Idea to change constitution to add jobs lacks imagination

Newly-sworn-in President Uhuru Kenyatta (right) holds a copy of the Constitution after outgoing President Mwai Kibaki (centre) had handed to him during the former's inauguration at Moi International Sports Centre in Nairobi on April 9, 2013. PHOTO | EMMA NZIOKA | NATION MEDIA GROUP

What you need to know:

  • If the Jubilee Party and the National Super Alliance see the Constitution as a tool for creating jobs for politicians, they cannot possibly disagree on much.

  • Yet if they are not different from each other, Kenyans should not be asked to choose between them in August.

It is distressing that the governing Jubilee Alliance and emergent rival National Super Alliance (Nasa) would contemplate changing the Constitution to create political offices. On the one hand, Nasa, a coalition in need of a big tent, would like the Constitution changed to introduce offices to accommodate all its leading lights.

Jubilee strategists, on the other, reveal late in term that the party has neither run an inclusive government nor grown its support. They, therefore, advise their principals that campaigning for new jobs of prime minister and two deputy presidents should win Jubilee new support and victory in August’s General Election.

Obviously, neither side has given serious thought to why the basic law is difficult to amend or why it was fought and won for Wanjiku. The framers made it difficult to amend the Constitution because from 1964, when Kenya became a republic, it was changed umpteen times. Why? To concentrate power and decision-making in the presidency and resources at the centre.

By the time demand for a new constitution gathered pace in 1990, the basic law was both tattered and a dictator’s charter. It was battered because in 1964 it was easy for Parliament to amend the Constitution to make it easy to change the document.

So in 1965, Members of Parliament (MPs) reduced the threshold for amending the Constitution by the Senate from 90 per cent to 65 per cent and from 75 per cent to 65 per cent for the National Assembly. In 1966, the Senate, too, went. But the acme of this infamy came in 1982.

SINGLE-PARTY STATE

Parliament turned Kenya into a single-party state by law after a grand debate that lasted the whole of 45 minutes. The framers of the 2010 Constitution, therefore, factored referenda into the process of changing it to reinforce the people’s (Wanjiku’s) ownership of the document.

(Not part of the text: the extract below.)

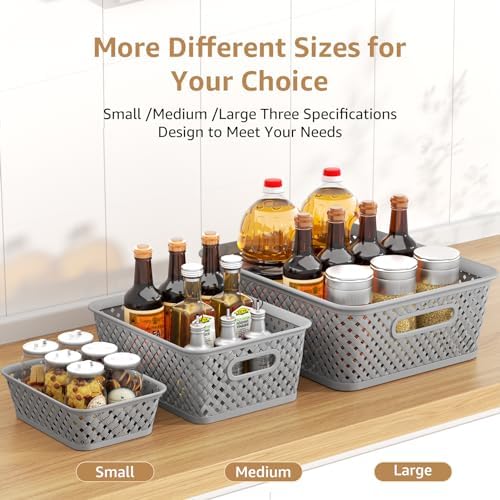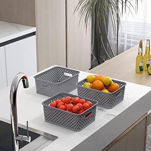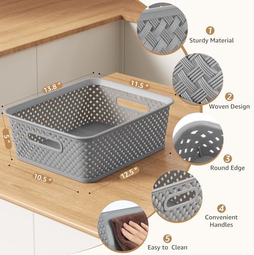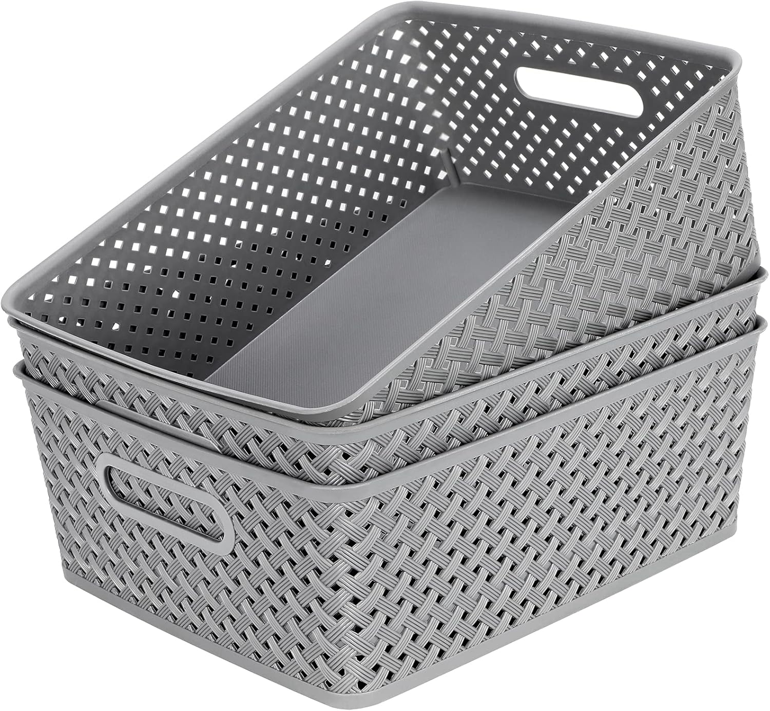 MaxGear Organization and Storage 3 Packs, Plastic Bins Organizer Bins, Woven Baskets for Storage, Plastic Baskets with Handles, Grey Basket for Organizing, Basket Organizer for Home and Office, Large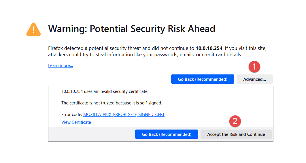 • NOTE: A page may appear stating that the website is not safe. This is due to the web interface using a self-signed certificate that an external authority cannot validate. This message can be ignored.

Their message was clear: never again would the Executive, Legislature and political class amend the basic law at whim or without the people’s say-so. The framers also made it difficult to change the Constitution because they wanted it, and the institutions it created, to stand the test of time.

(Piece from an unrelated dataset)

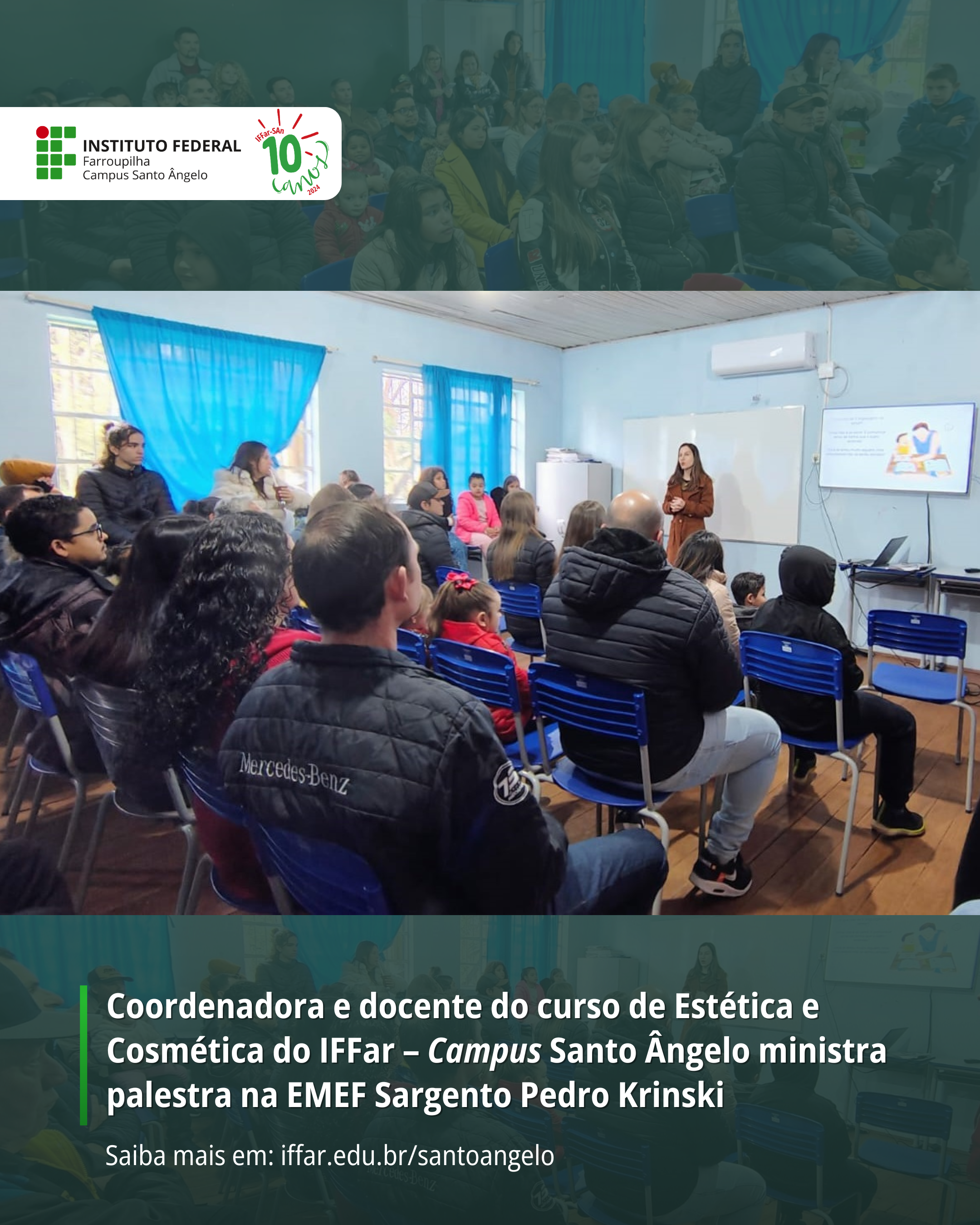 No dia 09 de agosto de 2025, a Dra. Zípora Morgana, coordenadora e docente do curso de Estética e Cosmética do IFFar – Campus Santo Ângelo, ministrou uma palestra para pais e responsáveis na Escola Municipal de Ensino Fundamental (EMEF) Sargento Pedro Krinski.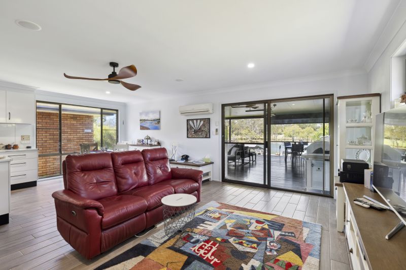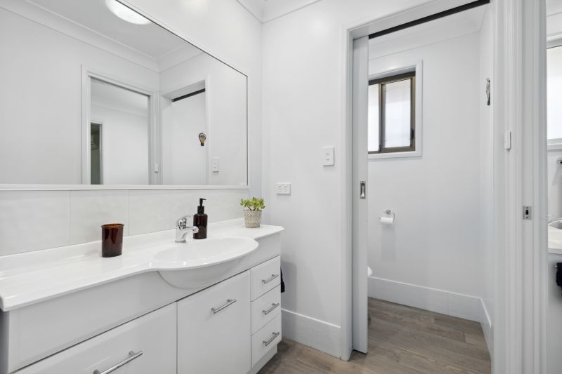 Set on a level 860 sqm block, the drive thru tandem garage and workshop area will accommodate the cars and tools. There is an additional carport for the boat or trailer.

It was with good reason. The politicians, most of them now in Jubilee, rejected the premier’s job at the failed Bomas constitution-making conference in 2005, grudgingly supported it in 2008, refused it outright in 2010 and celebrated its demise in 2013. Now they want it back.

But, while I fear their suggested change is the thin end of the wedge, I do not dismiss all amend-the-constitution calls as bereft of merit. I argued here on December 5, 2015 that five years after its promulgation, Kenyans needed to discuss what parts needed amending.

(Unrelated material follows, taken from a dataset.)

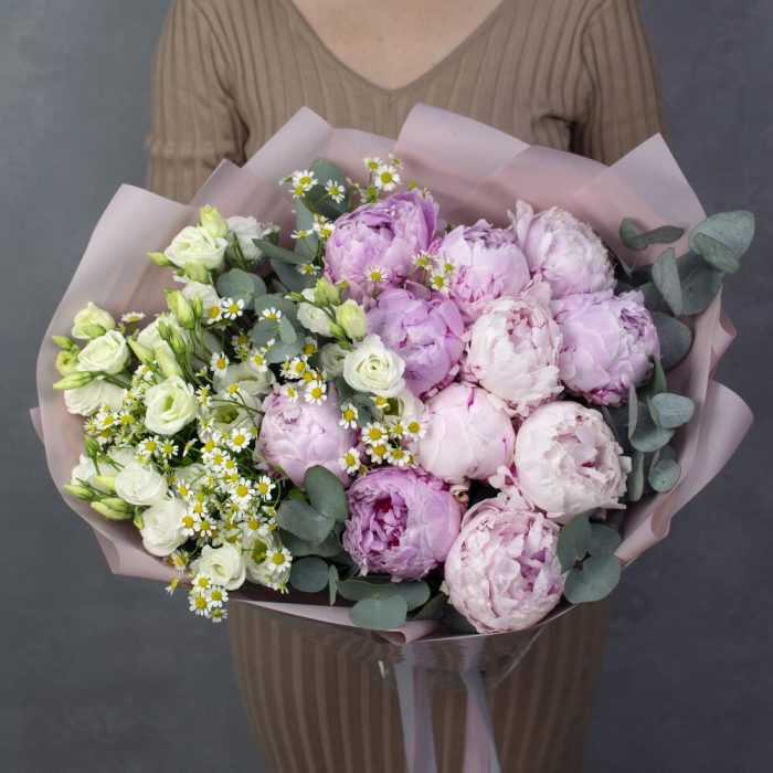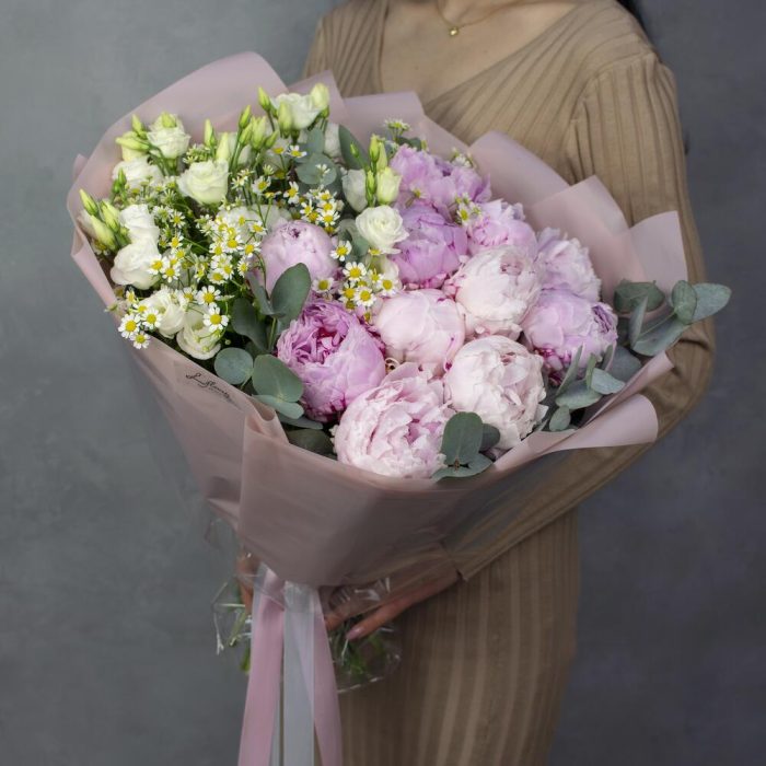 Матрикария – 7 шт.Лизиантус белый – 5 шт.Эвкалипт цинерея – 3 шт.пионы сара бернардт – 11 шт.

I hold that the Constitution burdens Kenyans with too much government and representation, thereby saddling the taxpayer with a massive public payroll. This is compounded by wanton wastage in governments. These are the issues Jubilee and Nasa should be canvassing.

STAGE SET

The stage has already been set. Gatundu South MP Moses Kuria’s Punda Amechoka (the Donkey is Tired), and Bomet Governor Isaac Ruto’s Pesa Mashinani (Money for Grassroots) petitions, respectively, address the public wage bill and inclusivity.

But Jubilee and Nasa strategists are profoundly wrong when they equate creation of political posts to inclusivity. Herewith some factors that help determine inclusivity: Reduction of poverty, equality of opportunities, access to resources, access to basic services, employment and participation in decision-making.

Streamlined for purpose, well managed devolution offers Kenyans confluence of opportunity and inclusivity. Devolution was, after all, created to empower the millions at the periphery, and rid them of poverty and dependence on the centre. This cannot be said for Jubilee’s and Nasa’s apparatchiks.

Unfortunately, if Jubilee and Nasa see the Constitution as a tool for creating jobs for politicians, they cannot possibly disagree on much. Yet if they are not different from each other, Kenyans should not be asked to choose between them in August.

If Nasa is the alternative to Jubilee, it should change cause and course and position itself as a defender of the basic law and only suggest changes that are people-centred and promote inclusivity. Therefore, ownership, protection and improvement of devolution should be Nasa-occupied territories.

Nasa should, using ideas, facts and examples, run Jubilee ragged on promise versus delivery, corruption and wastage, and discriminatory job sharing policy. And, by comparison, it should illustrate why it regards its policies the reason for change.